● **Available data**:
<<<<

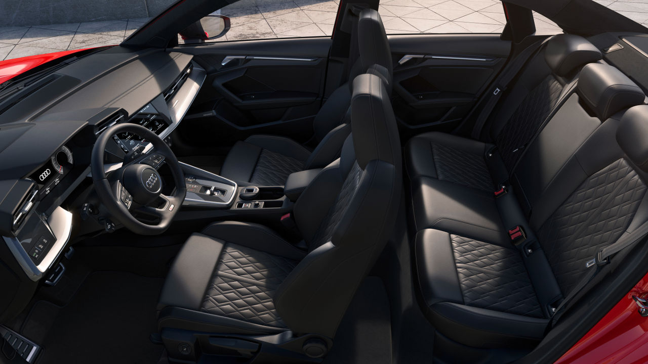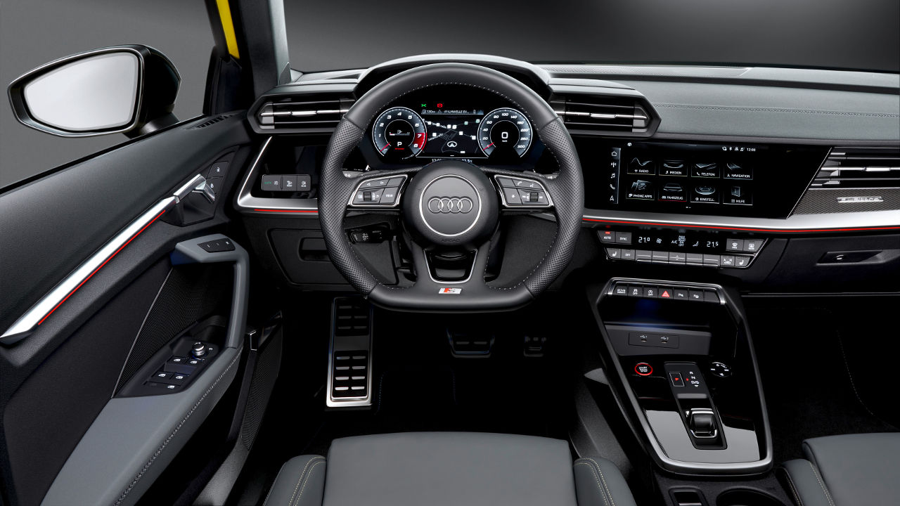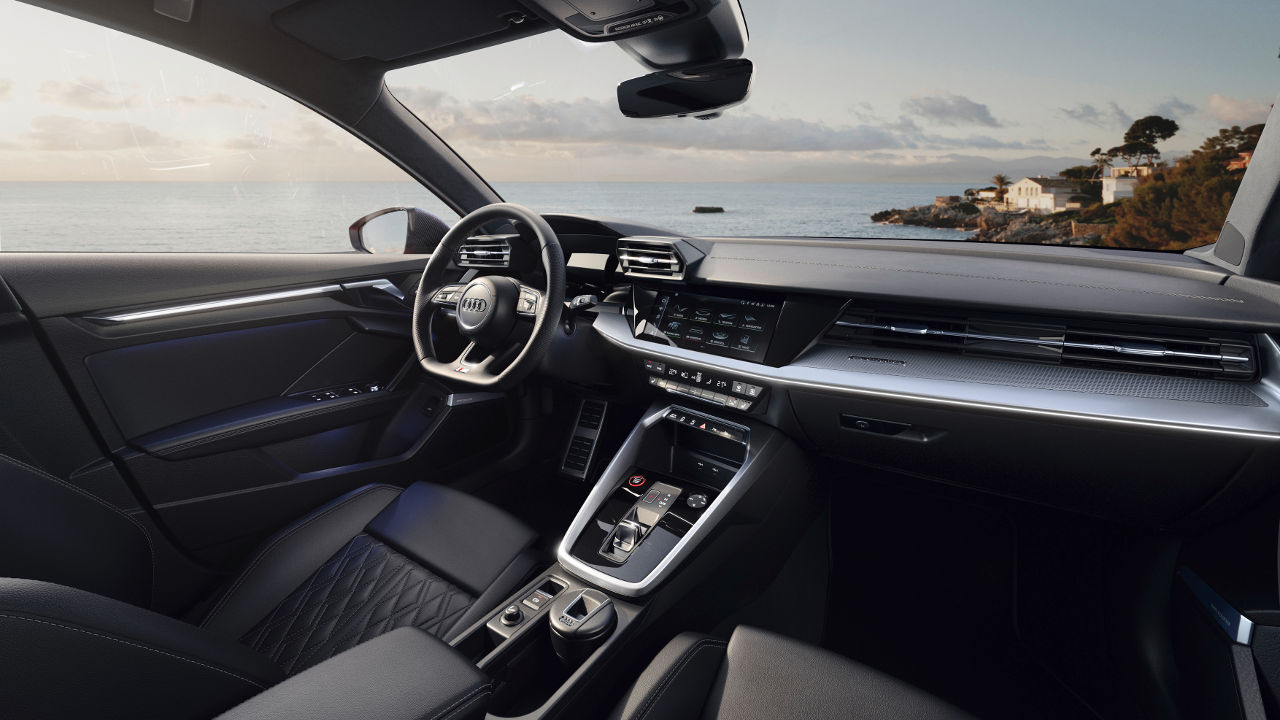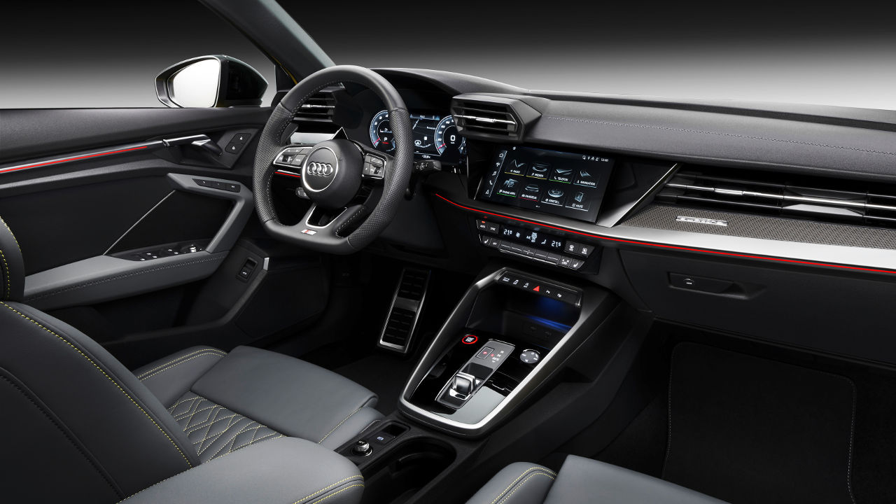 Τόσο ως Sportback όσο και σαν sedan το νέο Audi S3 ξεχωρίζει για την επιθετική σχεδίαση του αμαξώματος του που χαρακτηρίζεται από έντονες καμπύλες αλλά και ακμές. Η μαύρη κυψελωτή γρίλια κυριαρχεί στο εμπρός μέρος, όπως και οι μεγάλοι αεραγωγοί του προφυλακτήρα με το εμπρός μέρος να γίνεται ακόμη πιο εντυπωσιακό με την προσθήκη των έξτρα matrix LED φωτιστικών σωμάτων. Αντίστοιχα σπορτίφ είναι και η εικόνα στο προσεγμένο σκουρόχρωμο εσωτερικό. Ο πίνακας πληροφοριών του οδηγού έχει διαγώνιο 10,25 ίντσες με εκείνη για την οθόνη αφής να φτάνει στις 10,1 ίντσες. Διαθέσιμη είναι αναβάθμιση και για τα δύο στις 12,3 ίντσες.
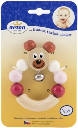 Een schattige houten rammelaar met een beertje in roze zal elke baby blij maken. Het geïntegreerde belletje rinkelt zacht, de rammelaar is zeer licht en dankzij de compacte afmetingen van 7 × 9 cm ligt hij perfect in kleine handjes. Het product voldoet aan de strenge EU-veiligheidseisen voor speelgoed en is voorzien van het certificaat Veilig speelgoed.
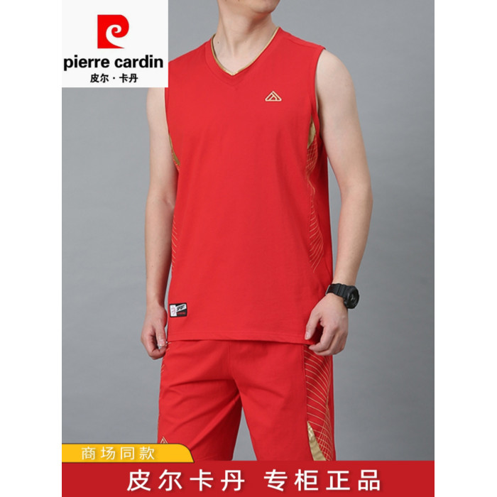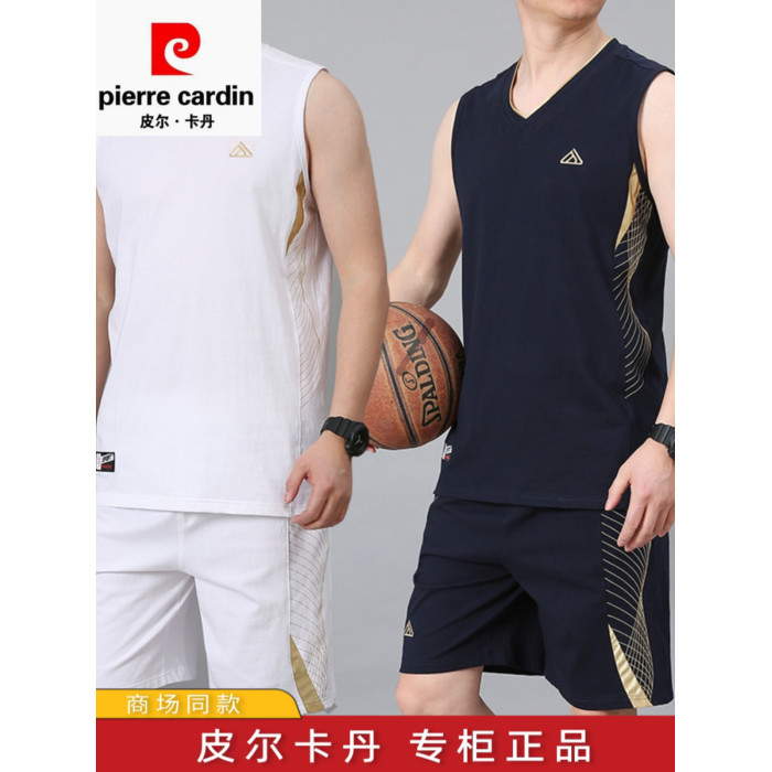 皮爾卡丹純棉運動服套裝男士夏季休閒跑步健身背心短褲球衣籃球服

>>>>

● **Work instruction**:
Without the pictures, transcribe the listing exactly as it stands.

● **Output of the exercise**:
 Τόσο ως Sportback όσο και σαν sedan το νέο Audi S3 ξεχωρίζει για την επιθετική σχεδίαση του αμαξώματος του που χαρακτηρίζεται από έντονες καμπύλες αλλά και ακμές. Η μαύρη κυψελωτή γρίλια κυριαρχεί στο εμπρός μέρος, όπως και οι μεγάλοι αεραγωγοί του προφυλακτήρα με το εμπρός μέρος να γίνεται ακόμη πιο εντυπωσιακό με την προσθήκη των έξτρα matrix LED φωτιστικών σωμάτων. Αντίστοιχα σπορτίφ είναι και η εικόνα στο προσεγμένο σκουρόχρωμο εσωτερικό. Ο πίνακας πληροφοριών του οδηγού έχει διαγώνιο 10,25 ίντσες με εκείνη για την οθόνη αφής να φτάνει στις 10,1 ίντσες. Διαθέσιμη είναι αναβάθμιση και για τα δύο στις 12,3 ίντσες.
 Een schattige houten rammelaar met een beertje in roze zal elke baby blij maken. Het geïntegreerde belletje rinkelt zacht, de rammelaar is zeer licht en dankzij de compacte afmetingen van 7 × 9 cm ligt hij perfect in kleine handjes. Het product voldoet aan de strenge EU-veiligheidseisen voor speelgoed en is voorzien van het certificaat Veilig speelgoed.
 皮爾卡丹純棉運動服套裝男士夏季休閒跑步健身背心短褲球衣籃球服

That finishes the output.